Source Code Interpretation

Task Initialization

JobScheduler

public class JobScheduler {
    
    /**
     * Two fixed key values in the JobDetail#JobDataMap of Quartz
     */
    public static final String ELASTIC_JOB_DATA_MAP_KEY = "elasticJob";
    private static final String JOB_FACADE_DATA_MAP_KEY = "jobFacade";
 
     ...
    
    private JobScheduler(final CoordinatorRegistryCenter regCenter, final LiteJobConfiguration liteJobConfig, final JobEventBus jobEventBus, final ElasticJobListener... elasticJobListeners) {
        // Add Job Instance
        JobRegistry.getInstance().addJobInstance(liteJobConfig.getJobName(), new JobInstance());
        // Job Configuration
        this.liteJobConfig = liteJobConfig;
        // Registration Center
        this.regCenter = regCenter;
        List<ElasticJobListener> elasticJobListenerList = Arrays.asList(elasticJobListeners);
        // Provides a pre-and post-extension point at the start or finish of a distributed task, where users can perform specific logic at the start and finish of a distributed task
        setGuaranteeServiceForElasticJobListeners(regCenter, elasticJobListenerList);
        schedulerFacade = new SchedulerFacade(regCenter, liteJobConfig.getJobName(), elasticJobListenerList);
        // Task Face, a task with a jobFacade, encapsulates task opening, task failover, missed re-execution, task events, and so on
        jobFacade = new LiteJobFacade(regCenter, liteJobConfig.getJobName(), Arrays.asList(elasticJobListeners), jobEventBus);
    }
    
    private void setGuaranteeServiceForElasticJobListeners(final CoordinatorRegistryCenter regCenter, final List<ElasticJobListener> elasticJobListeners) {
        GuaranteeService guaranteeService = new GuaranteeService(regCenter, liteJobConfig.getJobName());
        for (ElasticJobListener each : elasticJobListeners) {
            if (each instanceof AbstractDistributeOnceElasticJobListener) {
                ((AbstractDistributeOnceElasticJobListener) each).setGuaranteeService(guaranteeService);
            }
        }
    }
    
    /**
     * Initialize job.
     */
    public void init() {
        // Update Job Configuration to ZK
        LiteJobConfiguration liteJobConfigFromRegCenter = schedulerFacade.updateJobConfiguration(liteJobConfig);
        // Set the number of slices
        JobRegistry.getInstance().setCurrentShardingTotalCount(liteJobConfigFromRegCenter.getJobName(), liteJobConfigFromRegCenter.getTypeConfig().getCoreConfig().getShardingTotalCount());
        // Create Job Scheduling Controller
        JobScheduleController jobScheduleController = new JobScheduleController(
                createScheduler(), createJobDetail(liteJobConfigFromRegCenter.getTypeConfig().getJobClass()), liteJobConfigFromRegCenter.getJobName());
        // Locally associate job with jobScheduleController and the registry, while the zk registry creates a node named jobName
        JobRegistry.getInstance().registerJob(liteJobConfigFromRegCenter.getJobName(), jobScheduleController, regCenter);
        // Register Job Startup Information
        schedulerFacade.registerStartUpInfo(!liteJobConfigFromRegCenter.isDisabled());
        // Schedule Tasks
        jobScheduleController.scheduleJob(liteJobConfigFromRegCenter.getTypeConfig().getCoreConfig().getCron());
    }

    /**
     * Configure Quartz
     * This reflects the fusion of Elastic Job and Quartz.
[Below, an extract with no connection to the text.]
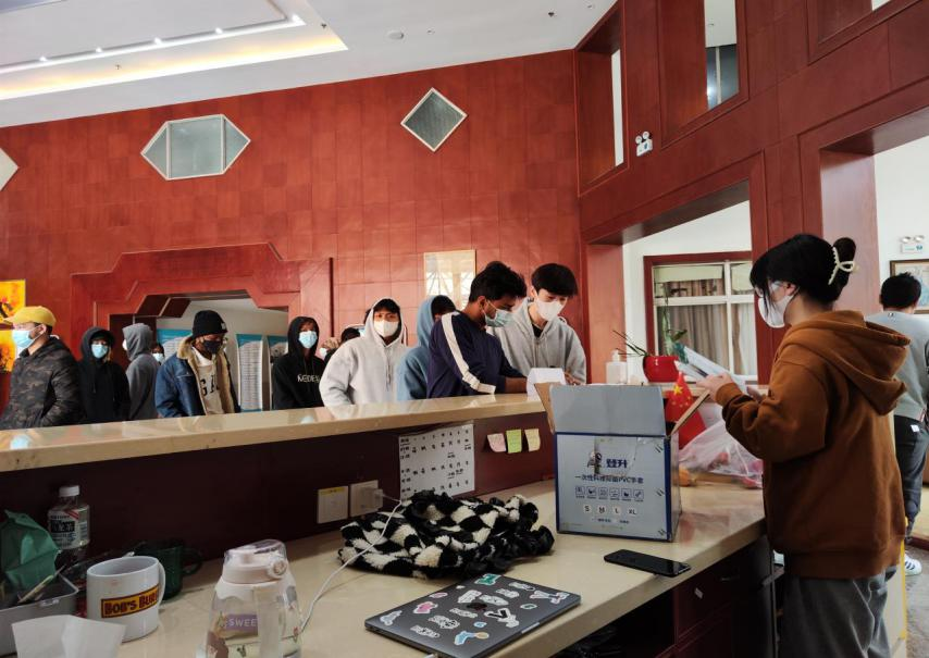 3月30日,全校下达紧急防疫任务,全院师生迅速进入备战状态。通知下发后,杨鹰老师立即响应,承担起留学生工作办公室的疫情防控工作:首先召开留学生会议,强调本轮疫情防控的重要性,提醒大家严格遵守防疫要求。其次向学院领导申请“留学生连续三日核检”,并获疫情专班批准。4月2日,学院领导决定购进并发放一批防疫物资和生活用品,保障留学生的基本生活,让留学生在异国他乡也能感受到家一般的温暖。

The specific statement for Quartz task scheduling is scheduler.scheduleJob(jobDetail, createTrigger(cron)).
     * When the time for the task is set, Quartz executes the org.quartz.Job#execute(org.quartz.JobExecutionContext) method, and Elastic Job implements LiteJob
     *
     */
    private JobDetail createJobDetail(final String jobClass) {
        // Quartz describes the interface for dispatching tasks
        JobDetail result = JobBuilder.newJob(LiteJob.class).withIdentity(liteJobConfig.getJobName()).build();
        // Notice that the jobFacade in this place is the same as that in LiteJob
        result.getJobDataMap().put(JOB_FACADE_DATA_MAP_KEY, jobFacade);
        Optional<ElasticJob> elasticJobInstance = createElasticJobInstance();
        if (elasticJobInstance.isPresent()) {
            result.getJobDataMap().put(ELASTIC_JOB_DATA_MAP_KEY, elasticJobInstance.get());
        } else if (!jobClass.equals(ScriptJob.class.getCanonicalName())) {
            try {
                // Note that the elasticJob in this place is the same as the elasticJob in LiteJob, which is used to determine the type of task when dispatching it
                result.getJobDataMap().put(ELASTIC_JOB_DATA_MAP_KEY, Class.forName(jobClass).newInstance());
            } catch (final ReflectiveOperationException ex) {
                throw new JobConfigurationException("Elastic-Job: Job class '%s' can not initialize.", jobClass);
            }
        }
        return result;
    }
    
    ...

Task Trigger

Task triggering within a job instance is done through Quartz, which triggers at a time set by cron. Quartz triggers the implementation of the LiteJob#execute method for Job

LiteJob

public final class LiteJob implements Job {


    /**
     * Notice the two static properties in JobScheduler, which are stored in the JobDetail#JobDataMap of Quartz when it is initialized.
     * Quartz When LiteJob is initialized, these two values are retrieved from JobDataMap of JobDetail, as shown in org.quartz.simpl.PropertySettingJobFactory#newJob(org.quartz.spi.TriggerFiredBundle, org.quartz.Scheduler)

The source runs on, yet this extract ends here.